▸ **Task prompt**: Your copy should run exactly from the line containing "白とピンク色のハナミズキが交" to the last line of the entries below, and it should include no pictures.

───── Supplied records

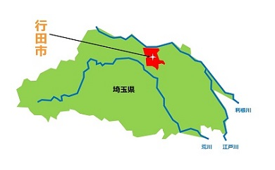 行田市は東京都心から電車で約70分、さいたま市から約30分圏内に位置しています。市の北には利根川、南には荒川が流れ、その他多くの河川や水路が市内を縦横に流れるほぼ平坦な土地です。
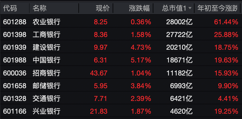 建设银行涨4.73%,邮储银行、民生银行涨超3%,光大银行、中信银行、华夏银行等跟涨。
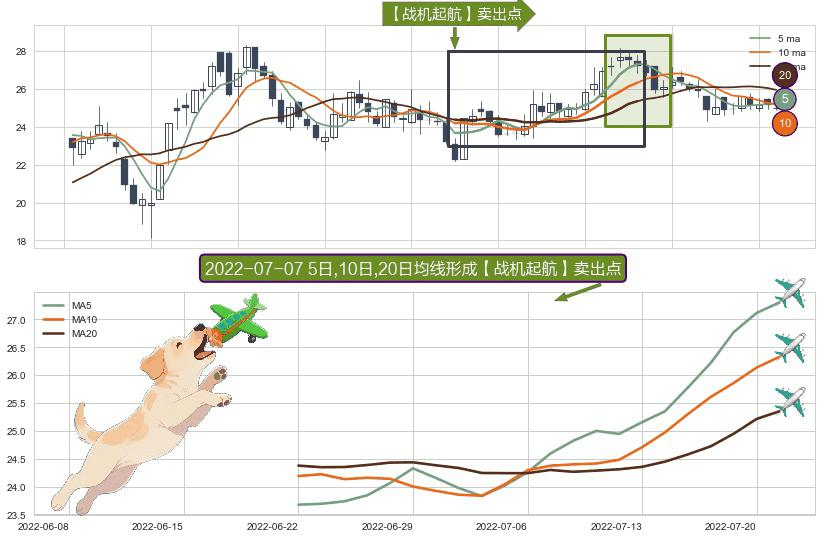 ⚀ 2022-06-22日-2022-07-21日显现 5日-10日-20日均线 【战机起航】卖出点 看空信号,后市看跌,卖出
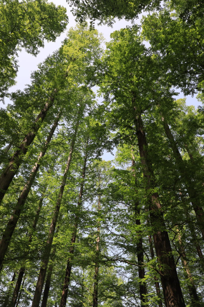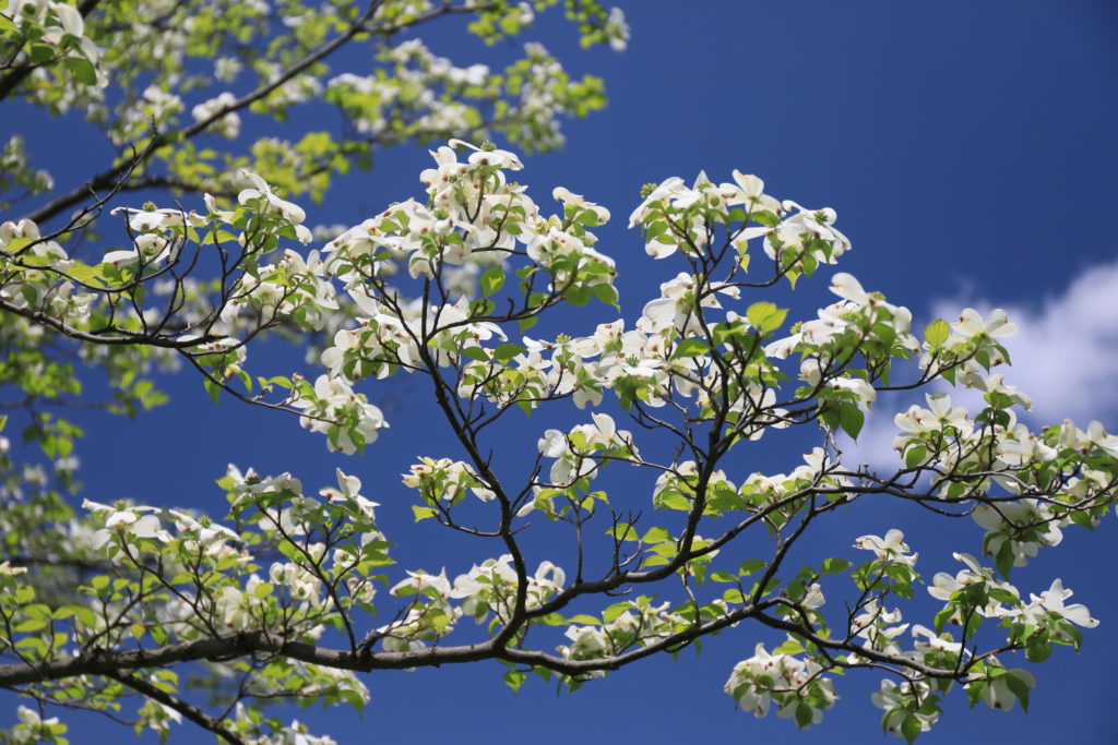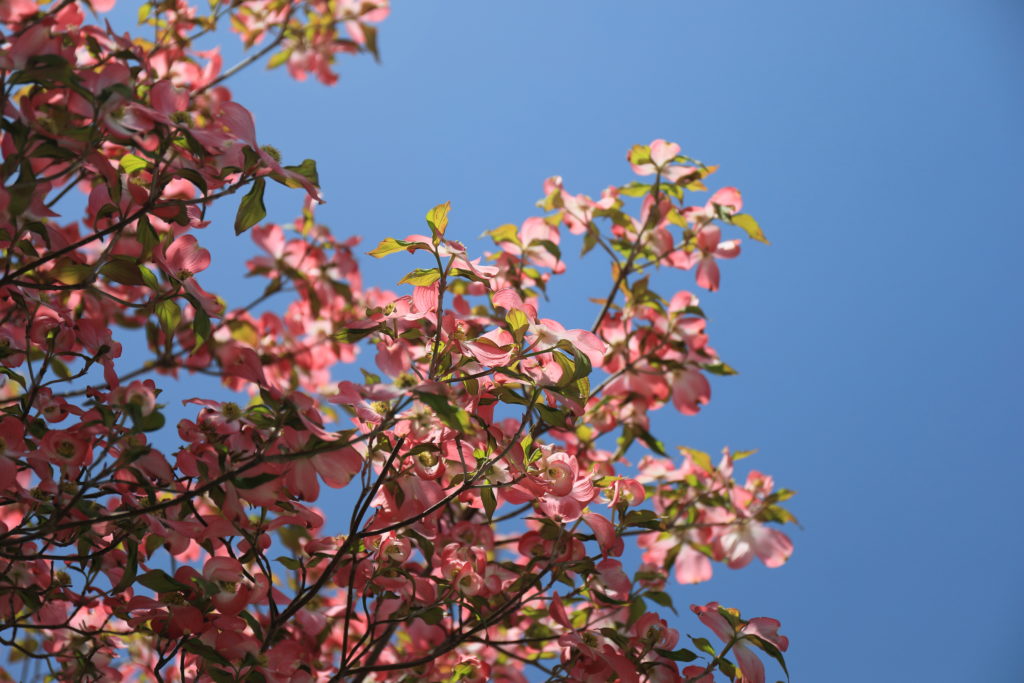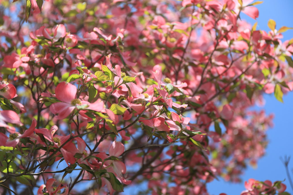 白とピンク色のハナミズキが交差し、咲き竸る光景もいい。濃い緑のメタセコイアとあわせ、ギャラリーにアップしました。観てやってください。
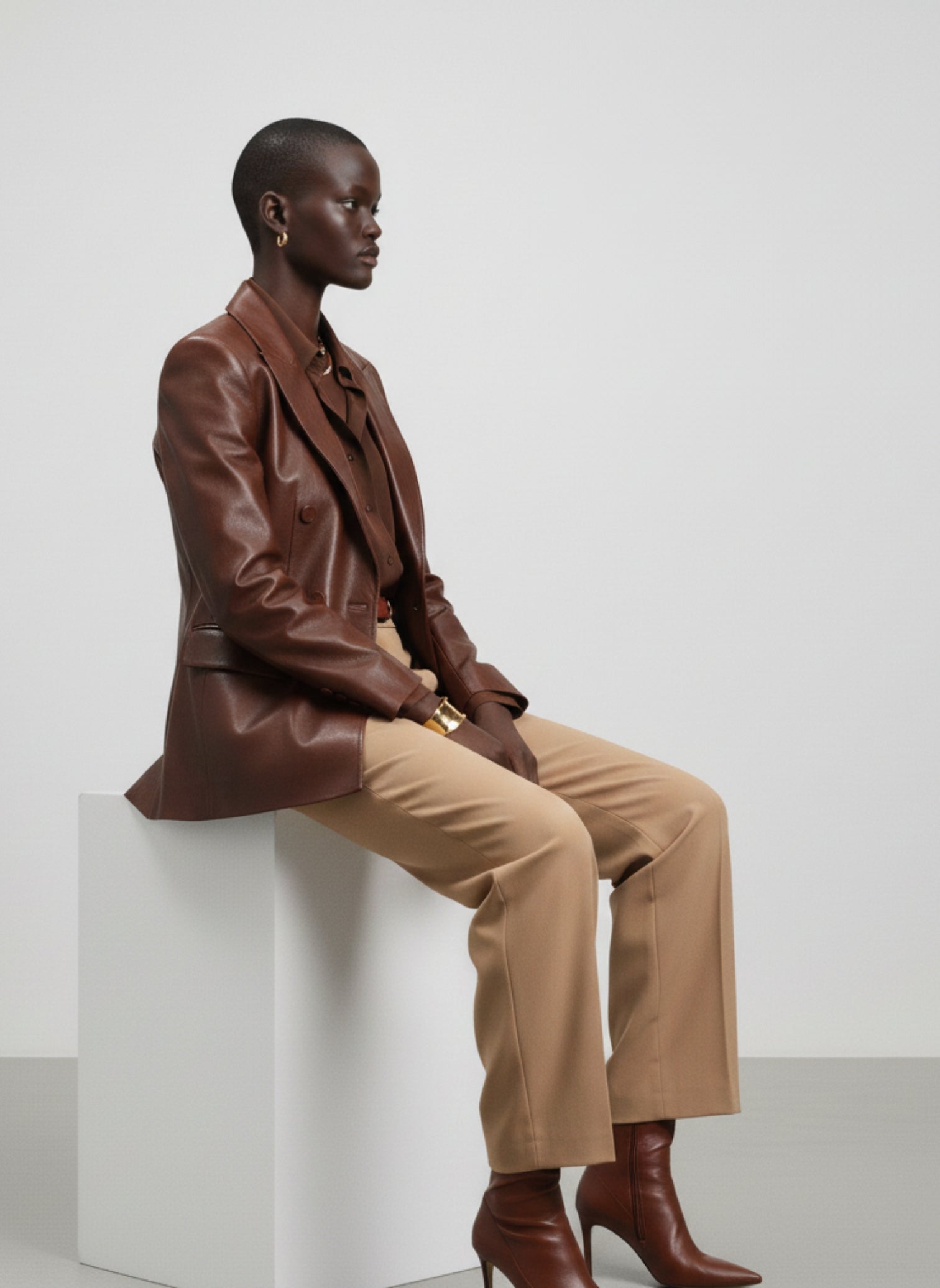 Crafted from luxurious, supple Brown Leather, this jacket features a definitive, tailored silhouette with a focus on the strong, structured shoulder. The single-breasted closure and sharp notch lapels lend a classic feel, juxtaposed against the modern, bold texture of the leather.
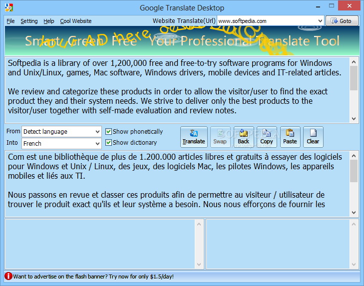 1楼 华军网友 2014-08-02 17:06:09Google Translate Desktop很好用,谢谢啦!!
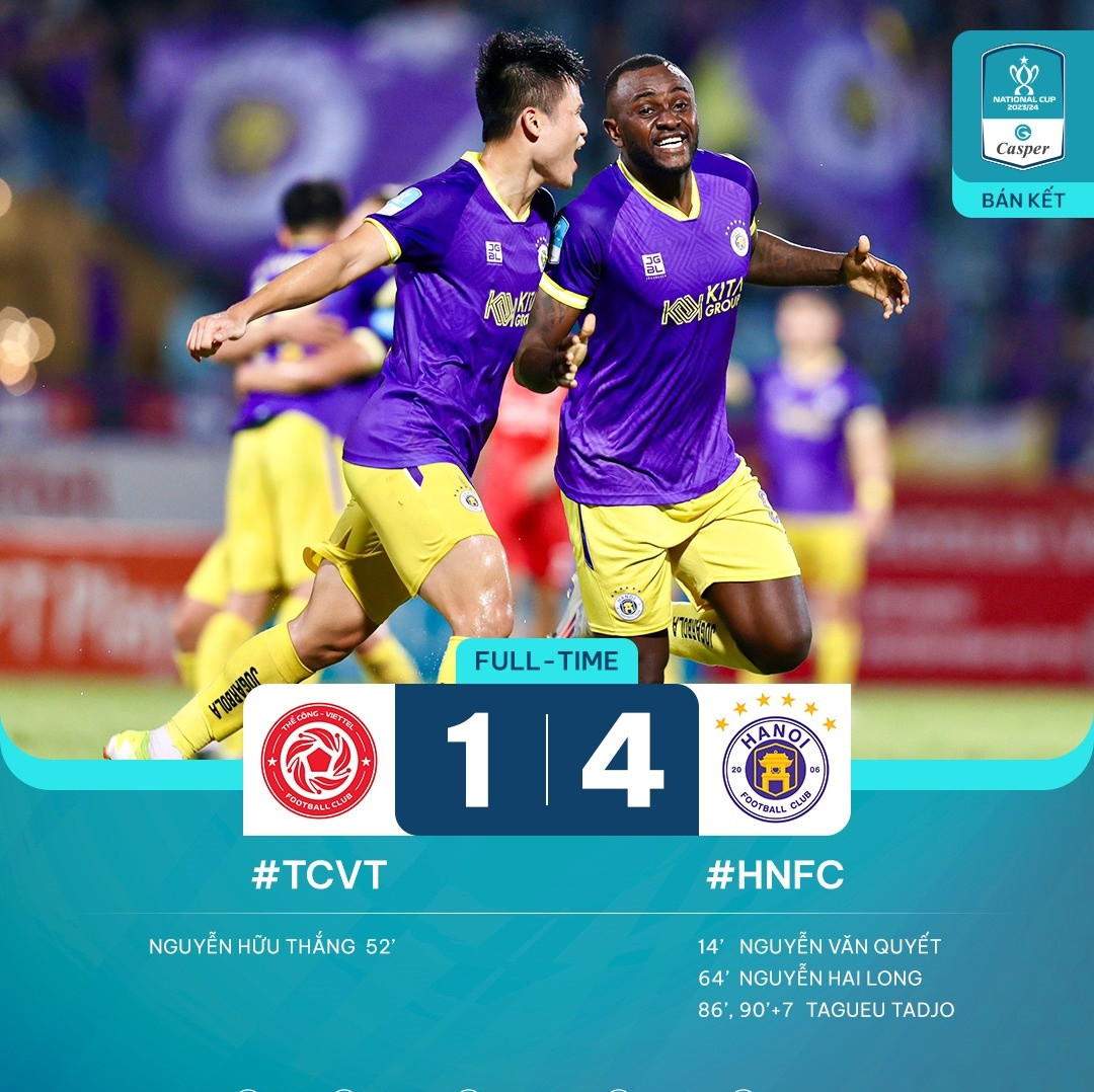 Hà Nội FC: Văn Quyết (12'), Hai Long (63'), Tagueu (86', 90'+7)

──────────

▸ **Response box**:
 白とピンク色のハナミズキが交差し、咲き竸る光景もいい。濃い緑のメタセコイアとあわせ、ギャラリーにアップしました。観てやってください。
 Crafted from luxurious, supple Brown Leather, this jacket features a definitive, tailored silhouette with a focus on the strong, structured shoulder. The single-breasted closure and sharp notch lapels lend a classic feel, juxtaposed against the modern, bold texture of the leather.
 1楼 华军网友 2014-08-02 17:06:09Google Translate Desktop很好用,谢谢啦!!
 Hà Nội FC: Văn Quyết (12'), Hai Long (63'), Tagueu (86', 90'+7)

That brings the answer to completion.